Thursday 10 April 2008

The justice system failed Mari Luz, Paedophile freedom in Spain

In 2007, the provincial court of Seville sentenced a man identified only as M. to 14 years in prison for repeatedly abusing his own daughter. The Supreme Court rejected his appeal on 8 November, but M. never set foot inside the penitentiary because he vanished from the village where he lived, although a few neighbours claim to have seen him. Santiago del Valle, who allegedly murdered a five-year-old girl named Mari Luz Cortés in Huelva last month, was not the only convicted paedophile who is walking around free. Ignacio Fernández de la Mata, a lawyer who represented the victim, is still waiting to be notified about M.'s imprisonment for sexually abusing his daughter for six years - from the time she turned eight. "Four days ago he was still a free man. I don't understand why, but that's the way it is," he said. "I wasn't at all surprised by the Mari Luz case. The system does not work, there is a shortage of courthouses and resources."Deputy prime minister María Teresa Fernández de la Vega on Friday admitted that the justice system failed Mari Luz.
But M.'s situation, as well as that of another convicted paedophile in Lleida who went missing over a year ago, proves that the system is failing too often for comfort. Last Friday, Seville's courts stated that delays in implementing prison sentences are no exception, blaming the situation on insufficient resources.
There is something truly astonishing about Santiago del Valle's record.

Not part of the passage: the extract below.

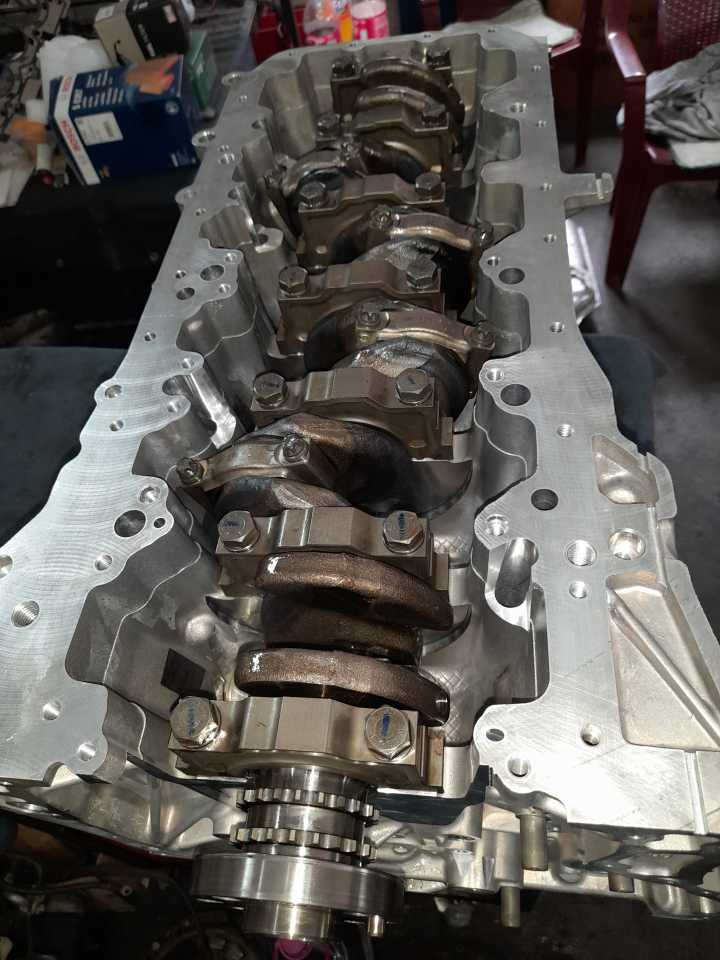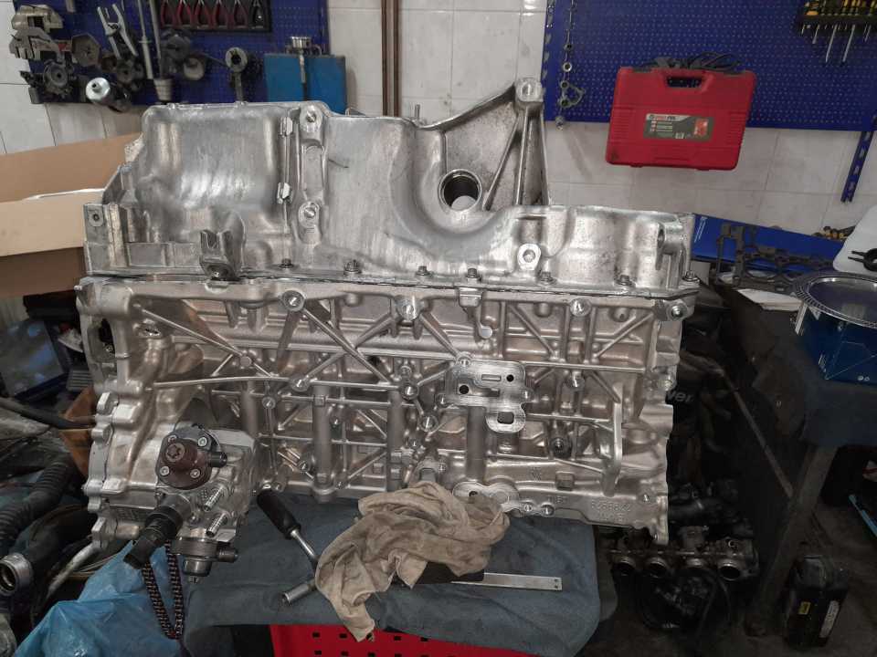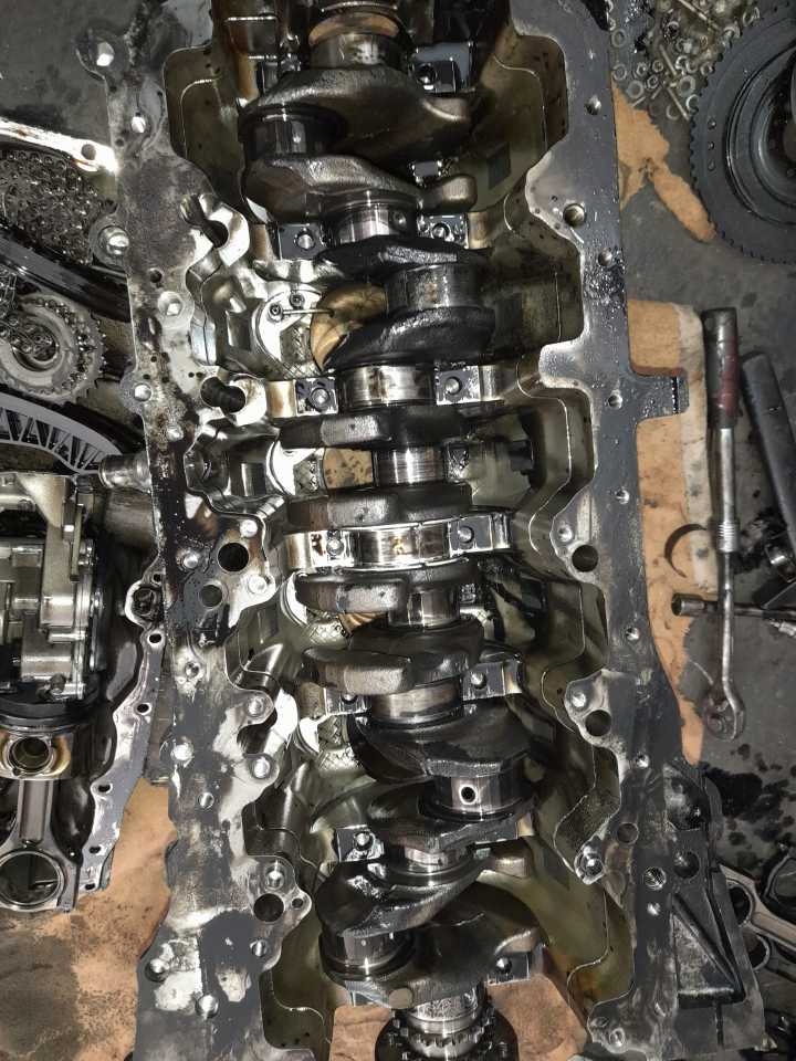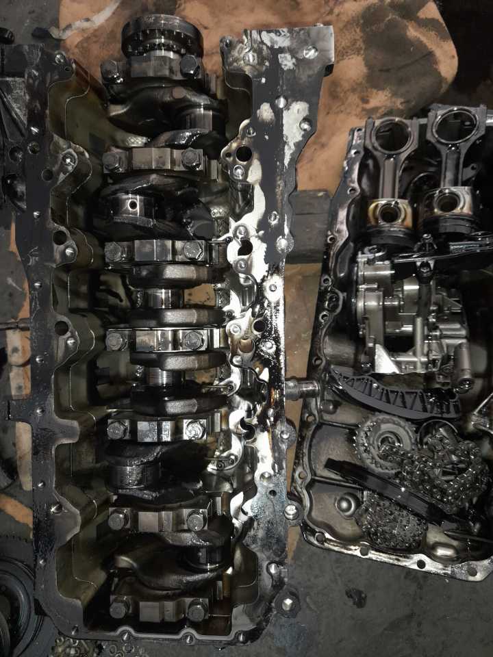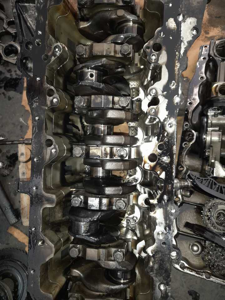 Doteran iz Svajcarske sa zakucanim motorom…..bmw f01 740d n57 ….usled otkazivanja uljne pumpe doslo je do zaribavanja motora i na letecim i lezecim lezajevima pri tom usled lepljenja lezajeva za radilicu i okretanja u konzolama i klipnjacama doslo je do znatnog ostecenja bloka…..trnovan blok….obradjena radilica…servisirane turbine…..sastavljen i radi kao svajcarski sat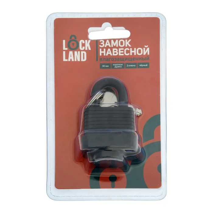Замок навесной LOCKLAND, 30 мм, влагозащищенный, короткая дужка, 2 ключа, цвет черный — Характеристики

Each courthouse that he walked into worked like an isolated island, as if it had no connection with the rest of the legal system; a place where the repeat offender kept appearing as if it were the first time.
Is it really possible for a judge in Gijón to not know immediately whether a colleague in Tarragona has taken any measures against a paedophilia suspect? Can he not simply press a button and access a suspect's record? The answer is no.
"In 2008 we cannot allow a judge from Almería who is going to rule over the fate of a suspect to do so without knowing what another judge has ruled," says Antonio García Martínez, a judge at the Superior Court of Justice of the Basque Country and spokesman for the Professional Judges' Association. "We need a system that enables us to instantly know what is going on with specific people and cases."
Communications have developed faster than the courts. The only records that a judge can access immediately are those cases where there is a final verdict. That is why, when a second Seville judge convicted Del Valle in 2004 for sexual abuse, he did not treat him as a repeat offender. The 2002 sentence for abusing his own daughter was not included in the records because it had been appealed before the provincial court, which took three years to hand down its verdict.
A centralised database containing all legal sentences relating to a case would prevent offenders such as Santiago del Valle from staying out of prison. The matter raises other issues as well, such as the right to privacy. But it is one thing to create a database for judges, attorneys and law enforcement agencies, and another to create a public record of paedophilia offenders, as some people are demanding. The legal profession, in general, defends only the first possibility. "It would have to be a database with restricted access for people with a legitimate interest," says Jaime Tapia, a spokesman for the progressive judge association Jueces para la Democracia.